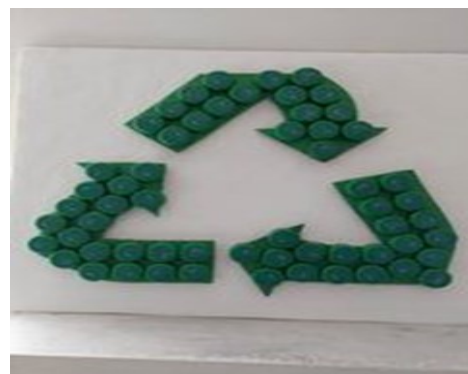
Αξιοποιώντας τα καπάκια από αναψυκτικά....
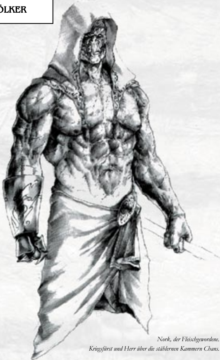
Nork, der Fleischgewordene. Kriegsfürst und Herr über die stählernen Kammern Chans.

Willkommen, Wanderer! Seit herzlich willkommen in den Reichen einer uralten, umkämpften Welt namens MONDAGOR, die sich nach Jahrhunderten der Kriege und Schlachten einem trügerischen Frieden genähert hat. Doch bereits jetzt werfen beunruhigende Ereignisse ihren dunklen Schatten auf die kommenden Jahre. Ihr werdet sehen, spüren, erleben.
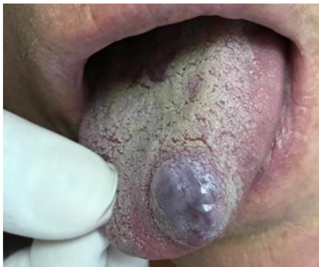
Figura 1: Aspecto clínico inicial da lesão.

Na história médica e no exame físico extraoral não havia nada digno de nota. Ao exame físico intraoral, foi observada uma lesão nodular, de coloração arroxeada, de aspecto moriforme, com aproximadamente 1,5cm de diâmetro, de implantação séssil, circunscrita, resiliente à palpação, assintomática, localizada em região do terço anterior de dorso lingual do lado esquerdo (Figura1).
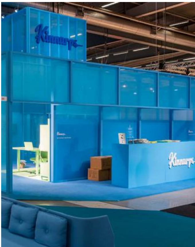
Kinnarps monter fick pris i Editors' Choice 2017.
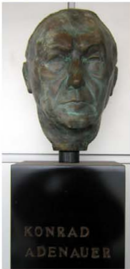
Hinflug vom Konrad-Adenauer-Flughafen Köln / Bonn
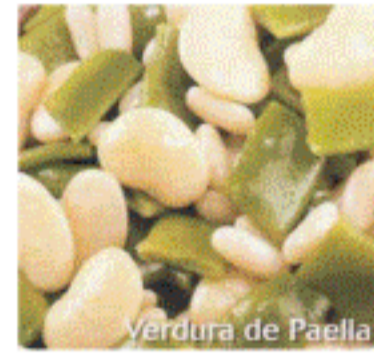
Verdura Pae- lla 2,5 Kg.
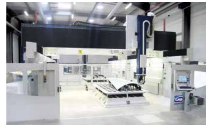
MATRIX UHF工作台 带有即插即用执行器的框架结构。

CMS通用夹紧装置（UHF）工作台具有不同配置：水平、立式、倾斜、单轴、多轴式（包括专利5轴解决方案）以及与Ethos机床不同型号集成所需的各种尺寸。
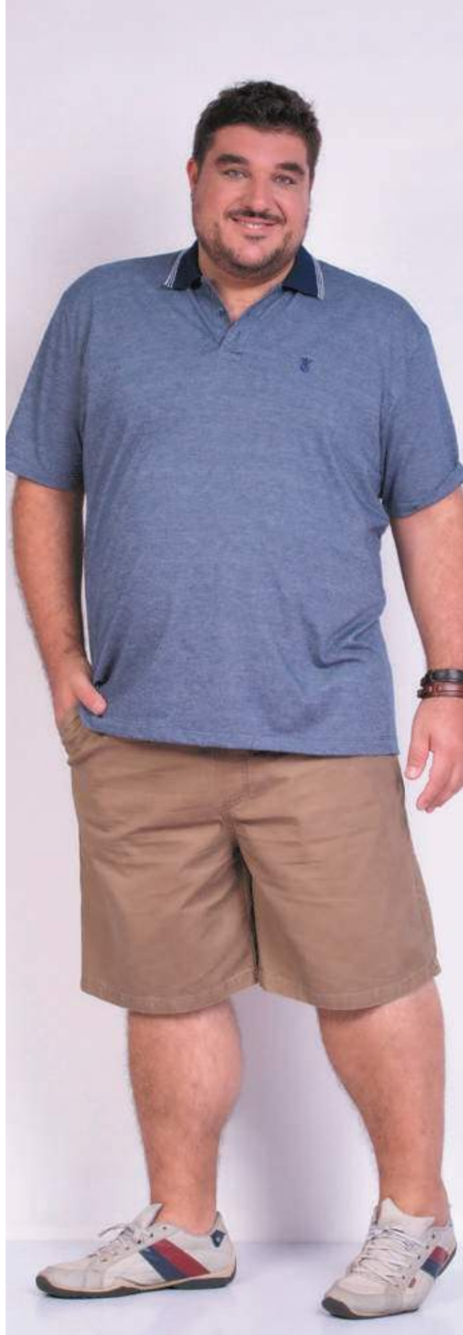
REF. 3375 CAMISETA POLO TRADICIONAL PIQUET 52% ALGODÃO 48% POLIÉSTER TAM. P AO S8
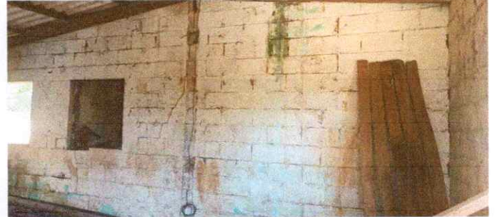
REPELLO EN MURO
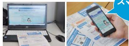
回答用サイトにログインして回答。回答時間の目安は、1人暮らし世帯の場合で約10分です。
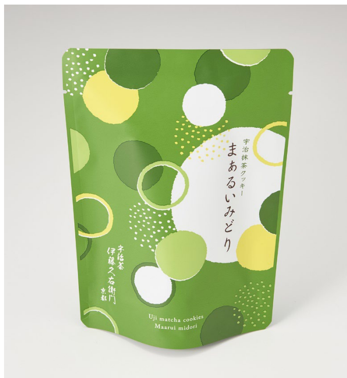
宇治抹茶クッキー まあるいみどりパッケージ
——
■ Work to complete ■
After locating the line containing "Na história médica" in the entries above, repeat only it and each later line through the end, exactly, without any pictures.

■ Written reply ■
Na história médica e no exame físico extraoral não havia nada digno de nota. Ao exame físico intraoral, foi observada uma lesão nodular, de coloração arroxeada, de aspecto moriforme, com aproximadamente 1,5cm de diâmetro, de implantação séssil, circunscrita, resiliente à palpação, assintomática, localizada em região do terço anterior de dorso lingual do lado esquerdo (Figura1).
Kinnarps monter fick pris i Editors' Choice 2017.
Hinflug vom Konrad-Adenauer-Flughafen Köln / Bonn
Verdura Pae- lla 2,5 Kg.
MATRIX UHF工作台 带有即插即用执行器的框架结构。

CMS通用夹紧装置（UHF）工作台具有不同配置：水平、立式、倾斜、单轴、多轴式（包括专利5轴解决方案）以及与Ethos机床不同型号集成所需的各种尺寸。
REF. 3375 CAMISETA POLO TRADICIONAL PIQUET 52% ALGODÃO 48% POLIÉSTER TAM. P AO S8
REPELLO EN MURO
回答用サイトにログインして回答。回答時間の目安は、1人暮らし世帯の場合で約10分です。
宇治抹茶クッキー まあるいみどりパッケージ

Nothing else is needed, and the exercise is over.